Λ is the 2D thin-film screening length, λ_|| is the effective penetration depth parallel to the graphene planes, and s is the interlayer spacing.

Where the layers i and j are adjacent and the vortices are directly vertically aligned, this reduces to

$$\begin{eqnarray}&&{\bf{F}}({\bf{z}},\mathrm{0,1})\approx \hat{z}\;\displaystyle \frac{{\varphi }_{0}^{2}{s}^{2}}{16{\pi }^{2}{\lambda }_{| | }^{4}}.\end{eqnarray} \tag{ 3 }$$

It is obvious from this simplistic analysis that the magnetic pinning force between two pancake vortices in adjacent layers is proportional to the square of the interlayer spacing and inversely proportional to the fourth power of the magnetic field penetration depth within the layer. As a practical example consider the following: the interlayer spacing in Bi₂Sr₂CaCu₂O_8+x is 1.5 nm and for graphene stacks it is 0.2 nm. Thus the pinning force in the graphene stacks would be 56 times less than that of Bi₂Sr₂CaCu₂O_8+x if the magnetic field penetration depths were identical. This is significant as it implies that, in the absence of external pinning, flux-flow resistance may be a factor in the resistance of graphene at very low temperatures.

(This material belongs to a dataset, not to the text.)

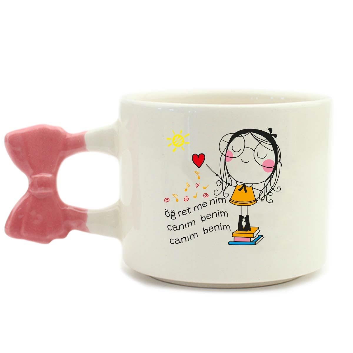 Öğretmenim Canım Benim Canım Benim! El Yapımı Krem Parlak Kurdele Kulp Kupa - El İşçiliği Hediyelik Kupa Bardak Mug (KUKUR016)
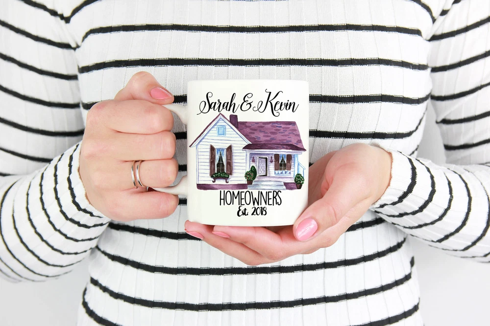 Custom Couples Housewarming Mug Housewarming Gift Home Owner Gift New Homeowner Product Details.. This high quality 11oz. ceramic white mug has a premium hard coat that provides crisp and vibrant color reproduction sure to last for years. Perfect for all hot & cold beverages. The highest quality printing possible is used. It will never fade no matter how many times you wash it. Material: 100% Ceramic. Print both sides. Dishwasher and Microwave Safe. High Gloss + Premium White Finish. Printed in the U.S.A. Personalized & Custom. We support personalized and custom mug to add custom, when placing an order, you can add notes to the "order note" in shipping address section. Also you can contact us directly via message. Shipping Info. Ready to ship in 1 to 2 business days, All products are made-to-order and proudly printed in the United States. Shipped by USPS and DHL, You will receive your order in 5-7 days. Replace & Refund. All products are defective during shipping broken, chipped will be replaced free of charge. You are not satisfied with the product, we will refund 100% money to you. If any other issues arise, please do not hesitate to message, we would be more than happy to assist you.

The single pancake vortex pinning energy is given by Clem [25] as

$$\begin{eqnarray}&&{U}_{0}={({\phi }_{0}/4\pi )}^{2}s/{\lambda }_{ab}^{2}\end{eqnarray} \tag{ 4 }$$

where λ_ab is the in-plane penetration depth.

According to Clem this gives a self-pinning characteristic temperature for a single pancake vortex in YBa₂Cu₃O_7−X of 1200 K, and vortex motion begins to be a problem at about 1/20 of that temperature. Expressions (5) and (6) below [25] are given for YBa₂Cu₃O_7−X:

$$\begin{eqnarray}&&{U}_{0}/{k}_{B}=1200\;{\rm{K}}\end{eqnarray} \tag{ 5 }$$

where the flux motion temperature regime is

$$\begin{eqnarray}&&({U}_{0}/{k}_{B})/20=60\;{\rm{K}}{\rm{.}}\end{eqnarray} \tag{ 6 }$$

The interplane separation of graphene is 0.2 nm and that of YBa₂Cu₃O_7−X is 1.2 nm, so if the in-plane penetration depth λ_ab is the same the expected temperature where the flux motion regime begins to be important for graphene would be about 10 K. Given that the measured conduction anisotropy in graphite is significantly greater than that of YBa₂Cu₃O_7−X, this would be expected to be an upper limit, with realistic estimates for the onset temperature for flux-flow being much lower. This sets up the expectation that, even if the material is superconducting with Cooper pairs, the resistance would be non-zero even at low temperatures and currents.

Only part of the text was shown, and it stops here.